The committee also highlighted the importance of ongoing initiatives in computer science, cancer research, precision medicine, and regenerative medicine. I fully support building on our current trajectory in these areas.
In addition to these thoughtful recommendations, the committee’s report includes suggestions for four cross-cutting investments—restructuring funding for graduate students, diversity throughout the STEM pipeline, instrumentation development, and core facilities—all of which I support. I would also like to emphasize the importance of providing additional resources, mentorship, and educational opportunities for our graduate students and post-doctoral researchers. We should do more to integrate and support these valuable members of our research enterprise.
It is important to note that the report does not recommend actions that would direct resources away from other areas. Many exciting STEM programs at Yale are not included in the report, and they will continue to thrive—leading their respective fields and educating students in the years ahead.
Based on the overwhelmingly positive response to the report, I am delighted to accept the USSC’s recommendations.

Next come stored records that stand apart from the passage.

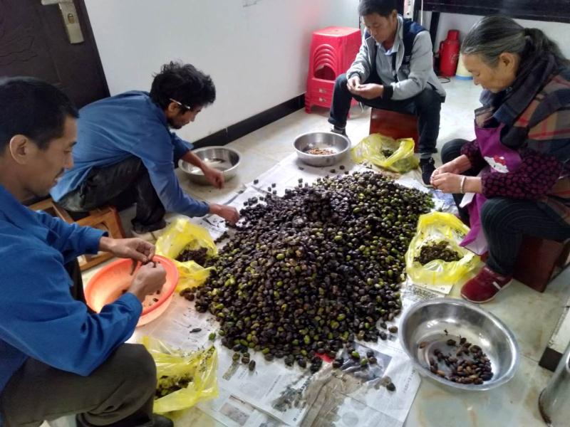 【香港商報網訊】10月9日,安徽黄山市休寧縣璜尖鄉徐家村村委會內一片忙碌,今年村集體香榧林喜獲豐收,目前香榧鮮果已完成採摘,村裏正組織村民去除鮮果果皮,大家忙得不亦樂乎。
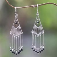 Sterling Silver Onyx Dangle Earrings Handmade in Indonesia 'Bali Raindrops' Item ID: 2671732450
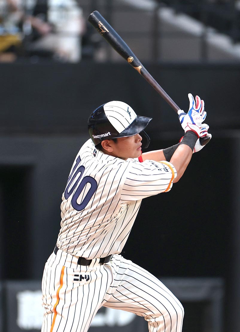 ルーフオープンされたエスコンに、快音を響かせた。4点を先制された直後の二回。2死三塁で打席に入った野村はカウント1-2から、楽天・滝中のスライダーを左前にはじき返した。2点差に詰め寄る一打に球場も大きく沸いた。初球、2球目は同じようなスライダーを空振りしていたが、追い込まれた後は同じ轍(てつ)を踏まなかった。
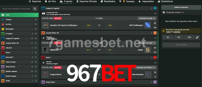 O 967bet oferece uma grande seleção de opções de apostas em e-sports com probabilidades competitivas
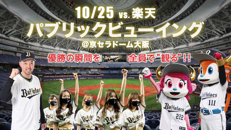 オリックス・バファローズ25年ぶりのリーグ優勝の瞬間をファンの皆さんと分かち合うべく、今シーズン最終戦となる10月25日(月)楽天VSオリックス戦にて、バファローズがパ・リーグ優勝決定の可能性がある場合、京セラドーム大阪の大型ビジョンでパブリックビューイングを開催します!ぜひ、皆さん京セラドーム大阪に集結し、バファローズの選手に思いを届け、リーグ優勝の瞬間を全員で見届けましょう!

I am particularly excited to work with all of you to achieve our highest potential in the top five priority areas, which present opportunities for cross-disciplinary research and education. Our collective efforts will ultimately benefit and improve many more areas than those directly identified—and the university as a whole.
Peter Schiffer, vice provost for research and professor of applied physics and physics, will be working with colleagues across campus to plan and lead the implementation of the committee’s recommendations. We are already enacting some of the recommended actions. For example, efforts are underway in the Graduate School of Arts and Sciences to relieve part of the cost of graduate student support from research grants in the sciences and engineering.
We will be updating equipment in our core facilities, and we are planning fundraising efforts to further improve our infrastructure. Over the last five years, we have invested significantly in buildings and core facilities, including the Wright Laboratory; Greenberg Engineering Teaching Concourse; the teaching labs in the Sterling Chemistry Laboratory; West Campus science institutes; the Peabody Museum; the Magnetic Resonance Research Center; the Center for Research Computing; Lab for Surgery, Obstetrics and Gynecology; and others. These and our recent projects—constructing a new science building and creating programs and spaces for innovation and entrepreneurship initiatives—underscore Yale’s focus on supporting our faculty, students, and staff in their work and studies.
The provost’s office will provide more detailed information about next steps in the implementation process. In the meantime, I thank Scott Strobel and the other members of the USSC for the care and thought they put into their deliberations and for producing a report that will help us enhance Yale’s contributions to STEM education and research. Their report is a vital component of our strategy in the sciences, one cornerstone of the academic priorities guiding Yale. I also thank our faculty, students, and staff for their suggestions and feedback. In the months ahead, I look forward to sharing with you our progress in realizing our academic priorities.